Would you write out every entry exactly, but without the pictures?

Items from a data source
+--
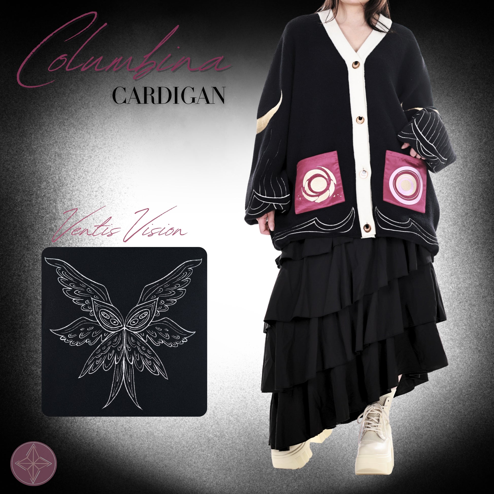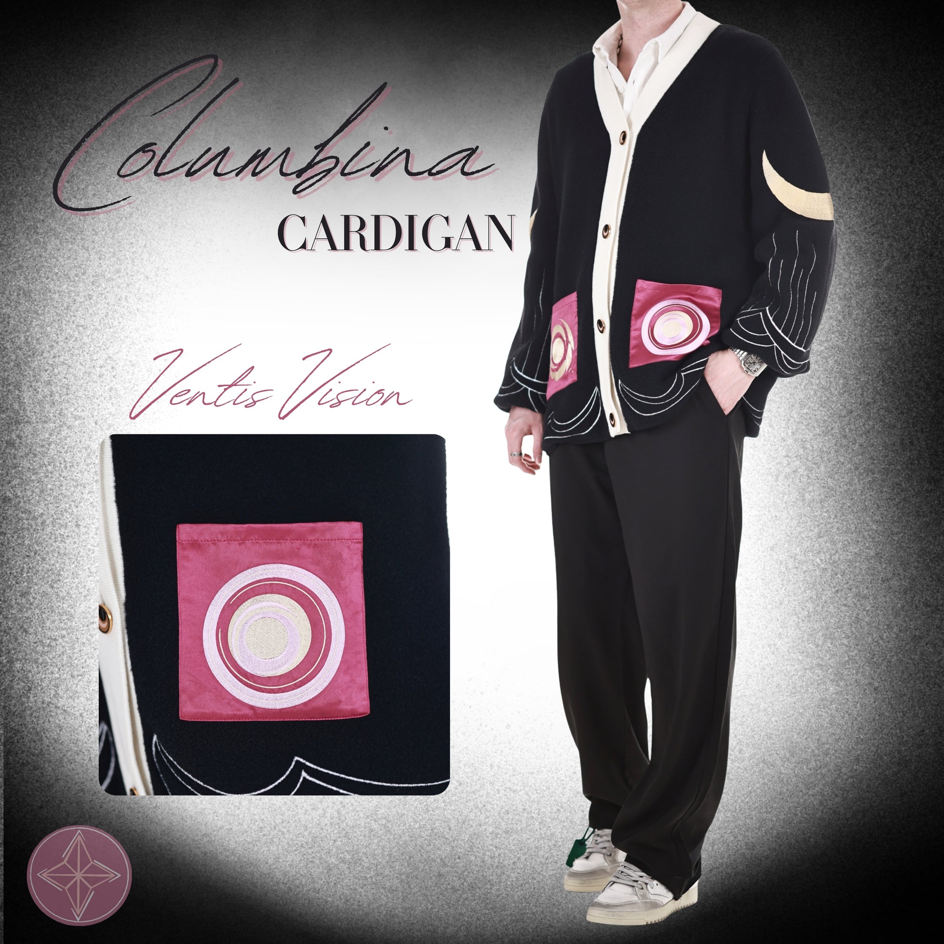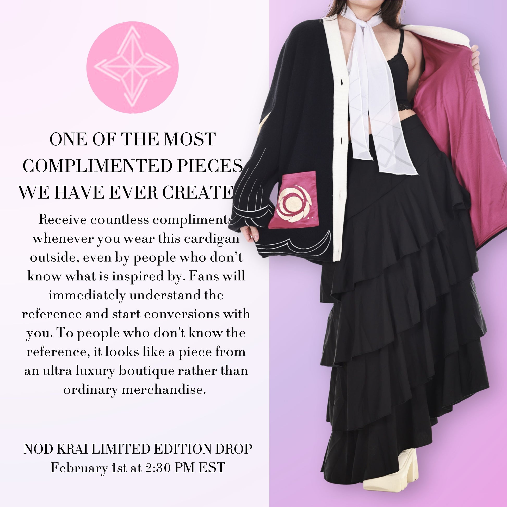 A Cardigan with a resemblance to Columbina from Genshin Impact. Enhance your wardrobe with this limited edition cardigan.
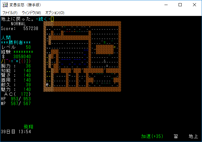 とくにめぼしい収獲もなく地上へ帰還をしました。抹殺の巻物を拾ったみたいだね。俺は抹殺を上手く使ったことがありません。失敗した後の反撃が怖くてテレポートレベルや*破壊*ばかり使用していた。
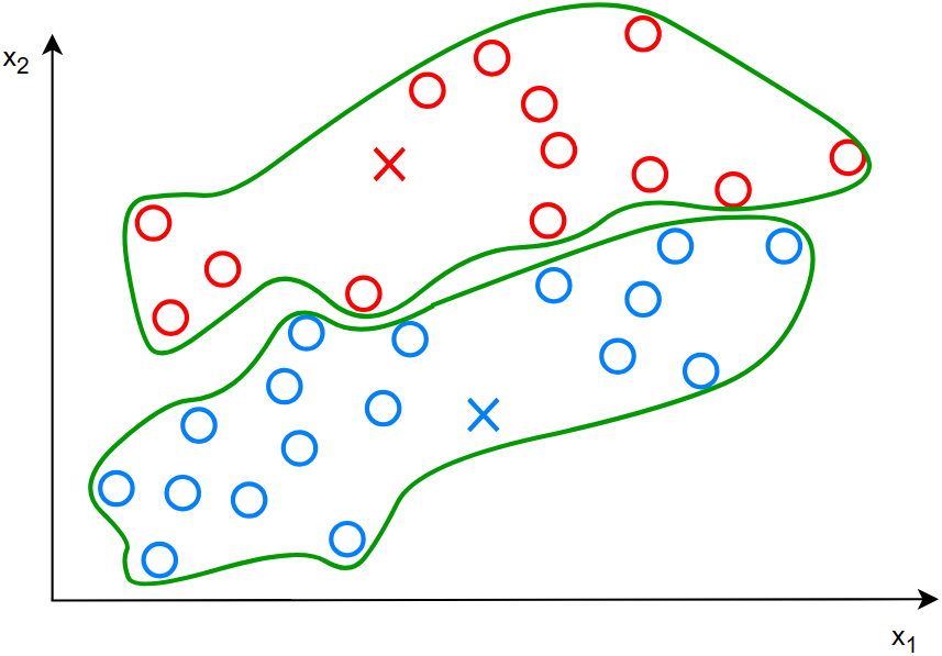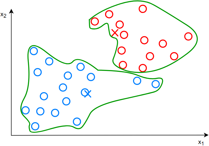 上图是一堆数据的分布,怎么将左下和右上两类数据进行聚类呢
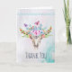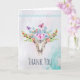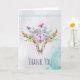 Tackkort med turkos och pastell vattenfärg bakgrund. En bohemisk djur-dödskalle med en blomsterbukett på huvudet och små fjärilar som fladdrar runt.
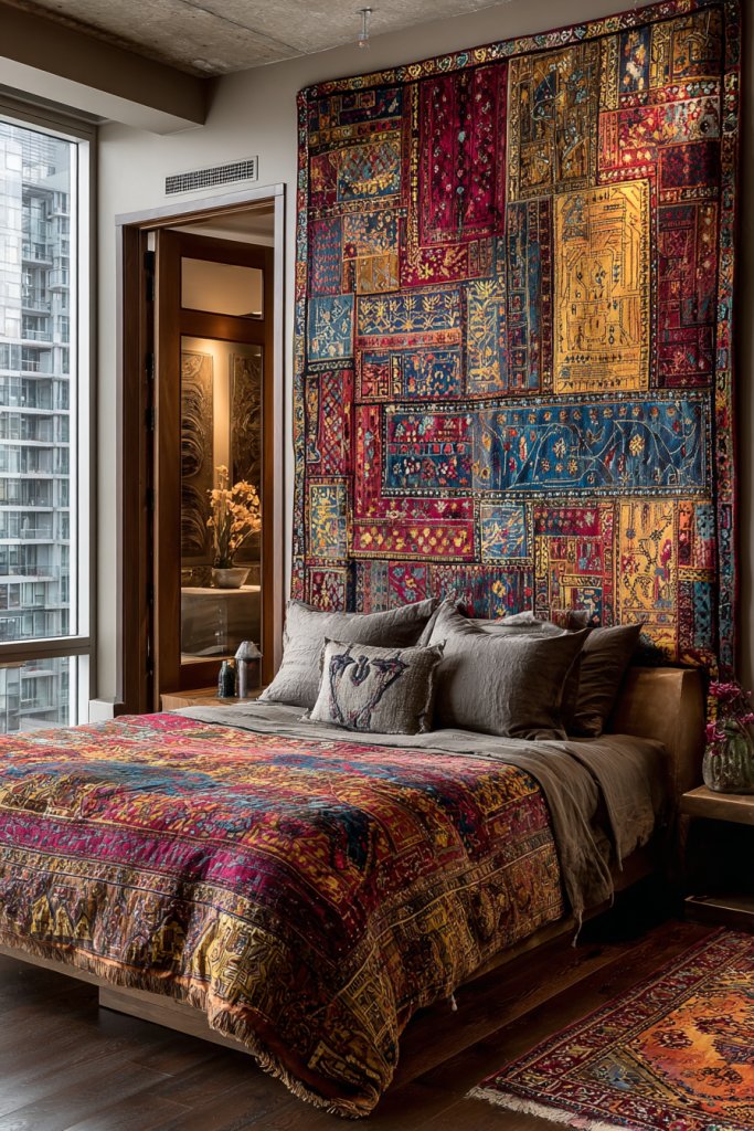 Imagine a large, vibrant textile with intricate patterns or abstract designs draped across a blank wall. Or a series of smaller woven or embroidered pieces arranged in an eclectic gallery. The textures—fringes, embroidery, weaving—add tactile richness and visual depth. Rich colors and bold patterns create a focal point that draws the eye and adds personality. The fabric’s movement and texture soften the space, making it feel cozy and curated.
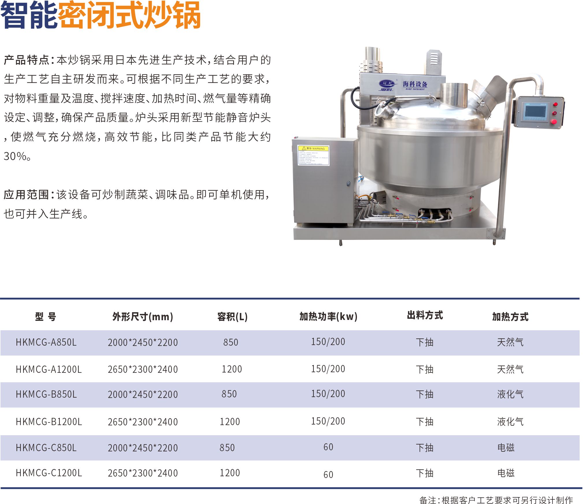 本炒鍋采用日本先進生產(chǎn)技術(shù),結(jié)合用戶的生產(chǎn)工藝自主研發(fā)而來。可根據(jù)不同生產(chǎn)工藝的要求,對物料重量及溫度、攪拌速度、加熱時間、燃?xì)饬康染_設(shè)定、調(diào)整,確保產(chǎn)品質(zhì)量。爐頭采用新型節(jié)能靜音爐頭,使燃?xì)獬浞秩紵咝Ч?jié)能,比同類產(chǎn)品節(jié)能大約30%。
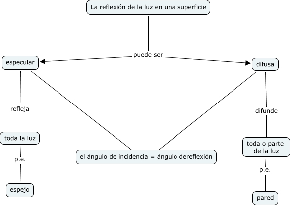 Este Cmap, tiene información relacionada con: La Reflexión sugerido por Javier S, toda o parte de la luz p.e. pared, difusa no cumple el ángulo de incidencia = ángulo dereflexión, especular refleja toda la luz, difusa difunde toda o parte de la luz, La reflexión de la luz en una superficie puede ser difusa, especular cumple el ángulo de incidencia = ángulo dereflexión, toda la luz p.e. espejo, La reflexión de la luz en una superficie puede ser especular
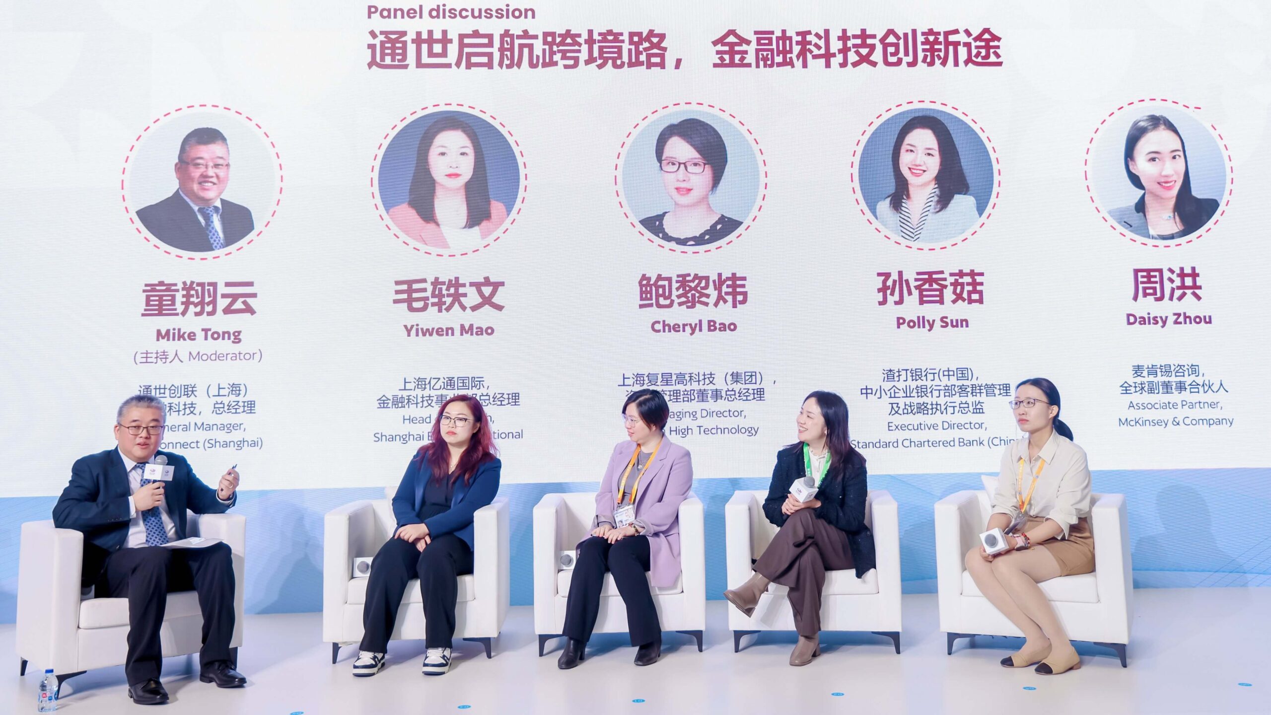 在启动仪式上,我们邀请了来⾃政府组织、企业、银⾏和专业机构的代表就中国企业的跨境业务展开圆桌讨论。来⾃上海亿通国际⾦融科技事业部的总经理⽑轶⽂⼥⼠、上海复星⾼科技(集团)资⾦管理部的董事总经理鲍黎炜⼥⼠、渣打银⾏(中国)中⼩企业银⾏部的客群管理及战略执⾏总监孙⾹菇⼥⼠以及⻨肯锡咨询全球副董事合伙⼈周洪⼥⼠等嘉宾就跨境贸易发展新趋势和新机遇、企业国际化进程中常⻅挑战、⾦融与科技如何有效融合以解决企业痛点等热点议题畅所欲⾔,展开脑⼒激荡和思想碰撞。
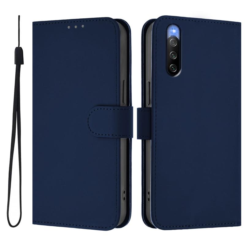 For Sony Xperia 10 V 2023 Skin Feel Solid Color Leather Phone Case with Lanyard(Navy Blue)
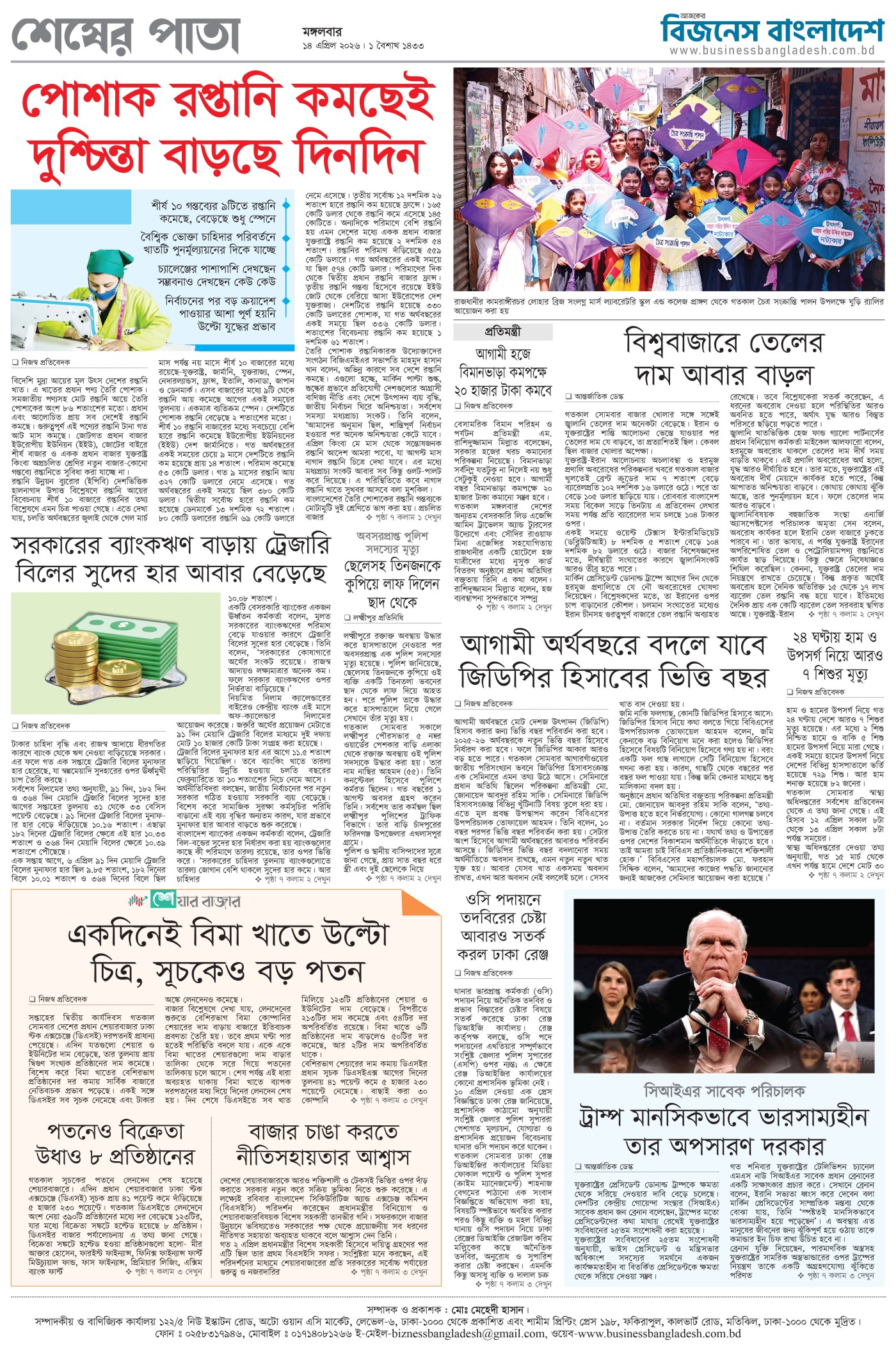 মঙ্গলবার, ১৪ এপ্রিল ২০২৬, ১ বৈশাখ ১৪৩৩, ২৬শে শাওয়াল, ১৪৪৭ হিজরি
+--
◆ EXPECTED ANSWER
 A Cardigan with a resemblance to Columbina from Genshin Impact. Enhance your wardrobe with this limited edition cardigan.
 とくにめぼしい収獲もなく地上へ帰還をしました。抹殺の巻物を拾ったみたいだね。俺は抹殺を上手く使ったことがありません。失敗した後の反撃が怖くてテレポートレベルや*破壊*ばかり使用していた。
 上图是一堆数据的分布,怎么将左下和右上两类数据进行聚类呢
 Tackkort med turkos och pastell vattenfärg bakgrund. En bohemisk djur-dödskalle med en blomsterbukett på huvudet och små fjärilar som fladdrar runt.
 Imagine a large, vibrant textile with intricate patterns or abstract designs draped across a blank wall. Or a series of smaller woven or embroidered pieces arranged in an eclectic gallery. The textures—fringes, embroidery, weaving—add tactile richness and visual depth. Rich colors and bold patterns create a focal point that draws the eye and adds personality. The fabric’s movement and texture soften the space, making it feel cozy and curated.
 本炒鍋采用日本先進生產(chǎn)技術(shù),結(jié)合用戶的生產(chǎn)工藝自主研發(fā)而來。可根據(jù)不同生產(chǎn)工藝的要求,對物料重量及溫度、攪拌速度、加熱時間、燃?xì)饬康染_設(shè)定、調(diào)整,確保產(chǎn)品質(zhì)量。爐頭采用新型節(jié)能靜音爐頭,使燃?xì)獬浞秩紵咝Ч?jié)能,比同類產(chǎn)品節(jié)能大約30%。
 Este Cmap, tiene información relacionada con: La Reflexión sugerido por Javier S, toda o parte de la luz p.e. pared, difusa no cumple el ángulo de incidencia = ángulo dereflexión, especular refleja toda la luz, difusa difunde toda o parte de la luz, La reflexión de la luz en una superficie puede ser difusa, especular cumple el ángulo de incidencia = ángulo dereflexión, toda la luz p.e. espejo, La reflexión de la luz en una superficie puede ser especular
 在启动仪式上,我们邀请了来⾃政府组织、企业、银⾏和专业机构的代表就中国企业的跨境业务展开圆桌讨论。来⾃上海亿通国际⾦融科技事业部的总经理⽑轶⽂⼥⼠、上海复星⾼科技(集团)资⾦管理部的董事总经理鲍黎炜⼥⼠、渣打银⾏(中国)中⼩企业银⾏部的客群管理及战略执⾏总监孙⾹菇⼥⼠以及⻨肯锡咨询全球副董事合伙⼈周洪⼥⼠等嘉宾就跨境贸易发展新趋势和新机遇、企业国际化进程中常⻅挑战、⾦融与科技如何有效融合以解决企业痛点等热点议题畅所欲⾔,展开脑⼒激荡和思想碰撞。
 For Sony Xperia 10 V 2023 Skin Feel Solid Color Leather Phone Case with Lanyard(Navy Blue)
 মঙ্গলবার, ১৪ এপ্রিল ২০২৬, ১ বৈশাখ ১৪৩৩, ২৬শে শাওয়াল, ১৪৪৭ হিজরি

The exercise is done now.